Always remember your place on the DIKW ladder:

  1. DATA is what a device produces, in its own protocol / language, below the AI+IoT Platform.
  2. INFORMATION is produced when we transform all that data into a common language, separating the messy "network layer" from the "application layer". Information is what you pull out of the AI+IoT Platform, and you can visualize it on a graph. Filters help improve the trustworthiness of information, and help synthesize new information.
  3. KNOWLEDGE is derived from information. This can often be expressed as a sentence, like "You got great sleep quality last night." Most of the time, this is what people want. People don't want to think hard about a graph of energy consumption, they want to read a sentence that conveys the knowledge that energy consumption is currently trending out-of-bounds. People don't want to look at a graph of bedtime, they want to know the bedtime has remained consistent day after day.
  4. WISDOM is an action back to the physical world, derived from knowledge. This is what happens when we turn off a light because we know you've gone to bed, or we send a notification that you forgot to arm your security system when you left the house.

Bots operate primarily in the Knowledge and Wisdom layers of the stack.

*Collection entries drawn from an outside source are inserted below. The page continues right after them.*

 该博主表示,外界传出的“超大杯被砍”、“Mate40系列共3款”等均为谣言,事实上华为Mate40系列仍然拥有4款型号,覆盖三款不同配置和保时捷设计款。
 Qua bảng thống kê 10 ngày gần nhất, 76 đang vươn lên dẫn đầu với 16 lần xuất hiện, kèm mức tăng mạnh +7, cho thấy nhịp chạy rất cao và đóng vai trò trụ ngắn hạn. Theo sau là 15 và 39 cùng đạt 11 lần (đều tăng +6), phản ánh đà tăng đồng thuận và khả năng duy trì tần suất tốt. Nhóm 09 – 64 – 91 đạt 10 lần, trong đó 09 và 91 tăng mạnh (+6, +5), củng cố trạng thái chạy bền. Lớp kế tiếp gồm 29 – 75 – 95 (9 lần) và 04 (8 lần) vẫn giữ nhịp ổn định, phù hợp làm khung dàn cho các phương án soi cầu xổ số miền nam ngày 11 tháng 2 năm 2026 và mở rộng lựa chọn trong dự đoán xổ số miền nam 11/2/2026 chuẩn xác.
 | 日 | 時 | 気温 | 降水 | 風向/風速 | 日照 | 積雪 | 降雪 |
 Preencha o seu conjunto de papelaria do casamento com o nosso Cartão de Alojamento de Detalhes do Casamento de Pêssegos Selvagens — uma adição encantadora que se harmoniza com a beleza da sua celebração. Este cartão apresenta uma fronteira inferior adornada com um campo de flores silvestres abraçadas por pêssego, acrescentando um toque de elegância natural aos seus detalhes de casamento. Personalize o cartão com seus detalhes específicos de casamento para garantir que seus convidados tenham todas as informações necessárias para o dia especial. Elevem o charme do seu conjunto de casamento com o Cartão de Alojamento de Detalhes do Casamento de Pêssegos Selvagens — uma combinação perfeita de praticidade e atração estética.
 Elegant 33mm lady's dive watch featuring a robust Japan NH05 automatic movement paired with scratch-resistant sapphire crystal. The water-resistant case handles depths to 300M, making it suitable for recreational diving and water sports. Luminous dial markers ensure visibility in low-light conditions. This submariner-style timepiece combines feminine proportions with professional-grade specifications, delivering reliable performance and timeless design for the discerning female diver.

Corporate Networks with Proxies

If you are operating in a corporate network that has a proxy, you can provide the proxy information as an argument to the command line interface with the --https-proxy <proxy> argument:

botengine --my_purchased_bots --https_proxy http://10.10.1.10:1080

The BotEngine uses the Python requests library to make HTTPS calls to the server. The requests library allows you to alternatively set the proxy through an environment variable:

export HTTPS_PROXY="http://10.10.1.10:1080"

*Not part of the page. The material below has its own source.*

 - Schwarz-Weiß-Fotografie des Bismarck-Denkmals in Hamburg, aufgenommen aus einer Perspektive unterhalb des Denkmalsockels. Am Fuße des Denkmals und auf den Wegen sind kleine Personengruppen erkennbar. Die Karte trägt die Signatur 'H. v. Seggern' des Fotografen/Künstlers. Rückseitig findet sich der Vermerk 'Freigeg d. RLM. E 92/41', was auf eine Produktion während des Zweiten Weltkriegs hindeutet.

The BotEngine exclusively uses HTTPS and never uses HTTP communications.

For rapid transitions in and out of corporate network environments, check out the Envswitch tool developed by https://github.com/smarie

https://smarie.github.io/develop-behind-proxy/switching/#envswitcher

Documentation

Each Lesson contains documentation. Open each lesson to review the documentation, and then drill down into the individual microservices inside the intelligence directories.